Tendances achats 2022 : Près de la moitié des directions achats tentées par la relocalisation
Par Guillaume Trecan | Le | Consultant
Le traditionnel sondage Tendances Achats réalisé par le cabinet AgileBuyer depuis treize ans et réalisé en partenariat avec le CNA depuis 2018, s’est imposé comme le baromètre de la profession. Les résultats s’appuient cette fois sur les réponses de 893 professionnels des achats interrogés entre le 16 novembre et le 2 décembre.
Dans le climat d’inflation et de désordre sur le fret international, voire de pénuries qui caractérise la fin 2021 et marquera sans doute une bonne partie de 2022, les priorités achats telles qu’elles ressortent de cette étude sont inédites et, à première vue, les Achats ne sont pas à la fête : 68 % des personnes interrogées indiquent en effet que leur direction achats a subi des pénuries et 65 % que ces pénuries ont impacté la marge de leur entreprise. Les pénuries subies concernent en premier lieu les métaux (23 %), les matières premières hors métaux (17 %), l’électronique (14 %), l’IT (13 %) et le transport (12 %).

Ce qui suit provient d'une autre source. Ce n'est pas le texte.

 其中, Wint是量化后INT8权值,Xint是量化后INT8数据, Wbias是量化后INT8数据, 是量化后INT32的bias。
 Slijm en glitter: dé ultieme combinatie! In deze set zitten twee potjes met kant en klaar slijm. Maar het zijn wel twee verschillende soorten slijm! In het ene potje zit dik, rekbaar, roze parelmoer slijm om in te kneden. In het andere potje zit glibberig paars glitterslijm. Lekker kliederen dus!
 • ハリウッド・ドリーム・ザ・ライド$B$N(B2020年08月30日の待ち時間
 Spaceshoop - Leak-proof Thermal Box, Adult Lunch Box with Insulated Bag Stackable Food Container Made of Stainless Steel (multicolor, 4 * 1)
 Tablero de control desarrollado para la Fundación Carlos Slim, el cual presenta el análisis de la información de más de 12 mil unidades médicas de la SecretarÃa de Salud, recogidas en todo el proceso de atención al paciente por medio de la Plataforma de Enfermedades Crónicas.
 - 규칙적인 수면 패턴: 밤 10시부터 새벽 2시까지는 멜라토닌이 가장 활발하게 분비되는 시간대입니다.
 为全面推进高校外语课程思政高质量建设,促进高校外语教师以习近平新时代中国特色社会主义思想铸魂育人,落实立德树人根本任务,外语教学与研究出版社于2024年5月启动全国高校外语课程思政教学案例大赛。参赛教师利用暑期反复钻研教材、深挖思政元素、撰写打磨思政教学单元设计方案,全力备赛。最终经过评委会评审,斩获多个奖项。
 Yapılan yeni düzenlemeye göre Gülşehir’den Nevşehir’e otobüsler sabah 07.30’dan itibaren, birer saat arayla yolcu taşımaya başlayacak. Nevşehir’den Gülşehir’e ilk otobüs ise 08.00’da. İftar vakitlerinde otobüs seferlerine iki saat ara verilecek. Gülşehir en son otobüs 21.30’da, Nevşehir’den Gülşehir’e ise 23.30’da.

Les difficultés de livraison impactent les entreprises au plus haut niveau puisque 79 % des personnes interrogées anticipent ou vivent déjà des difficultés de livraison avec leurs fournisseurs stratégiques.
Plus de relocalisations et moins d’économies
Cette situation va impacter en profondeur les stratégies d’achats : 47 % du panel considèrent que les crises vont les pousser à relocaliser, une opinion que seuls 16 % du panel partageaient fin 2019 et 30 % fin 2020. Le concept de Made in France y gagne du même coup un peu plus de popularité : 61 % des directions achats considèrent le Made in France ou achat local dans leurs critères d’attribution de business contre 53 % fin 2018.
Est-ce que cette réorientation des politiques achats ira jusqu’à changer la nature même de la fonction ? Peut-être, si l’on considère que seuls 26 % des professionnels achats considèrent cette année qu’ils seront attendus par leur direction sur les économies réalisées, contre 55 % en 2020.
Pourtant, il risque d’y avoir d’intenses discussions lors des entretiens individuels de fin d’année 2022, car si les réductions de coûts seront très difficiles à obtenir dans la conjoncture actuelle, les économies réalisées restent le principal critère de mesure de la performance achats (60 %), très loin devant la réactivité (9 %), la contribution au chiffre d’affaires (8 %), ou encore la RSE (4 %).
La RSE dans les objectifs personnels
Mais le fait est que la RSE a acquis une importance jamais vue dans les objectifs achats. En 2022, 58 % des professionnels achats auront des objectifs personnels liés au développement durable ou la RSE. Dans le secteur du luxe et de la mode, ce chiffre monte même à 100 %, à 79 % dans le secteur tourisme et transport, à 71 % dans la banque assurance.
L’amélioration de l’empreinte carbone en particulier est l’axe principal de contribution des achats à la stratégie RSE de l’entreprise, pour 73 % des professionnels achats, loin devant l’économie circulaire (36 %) et la territorialité (33 %). Ainsi 61 % des directions achats se sont fixé des objectifs en matière de réduction de l’empreinte carbone et se sont engagés dans des actions dans ce sens.
Là encore, apparaît un décalage entre les objectifs et la réalité, car 77 % des entreprises ne mesurent pas l’empreinte carbone de leurs fournisseurs et 75 % ne connaissent pas l’empreinte carbone de leurs achats.
Mobilisation pour les délais de paiement
Concernant le respect des délais de paiement des fournisseurs, une question que la crise sanitaire a remise à un niveau de sensibilité très élevé, voire vital pour bon nombre d’écosystèmes fournisseurs, si cela fait partie des objectifs de 83 % des personnes interrogées, c’est une cause plus en vogue dans les grandes entreprises. Ainsi 71 % des personnes interrogées issues de grandes entreprises déclarent que le respect des délais de paiement fournisseurs « fait partie de leurs combats en interne », contre 57 % dans les entreprises de moins de 249 salariés. Logique, si l’on prend en compte le fait que, comme l’a encore rappelé dernièrement l’Observatoire des délais de paiement, les retards de paiement sont moins le fait des PME que des grands groupes.
Enfin, plus de la moitié des entreprises (51 %) se sont engagées dans une démarche de labellisation ou envisagent de le faire.
Nature du panel
Les 893 professionnels des achats ayant fourni des réponses complètes sont répartis entre environ un tiers de directeurs achats, un tiers de responsables achats et un tiers d’acheteurs. Pour près de la moitié (44 %), il s’agit de professionnels achats de grands groupes (plus de 5 000 salariés).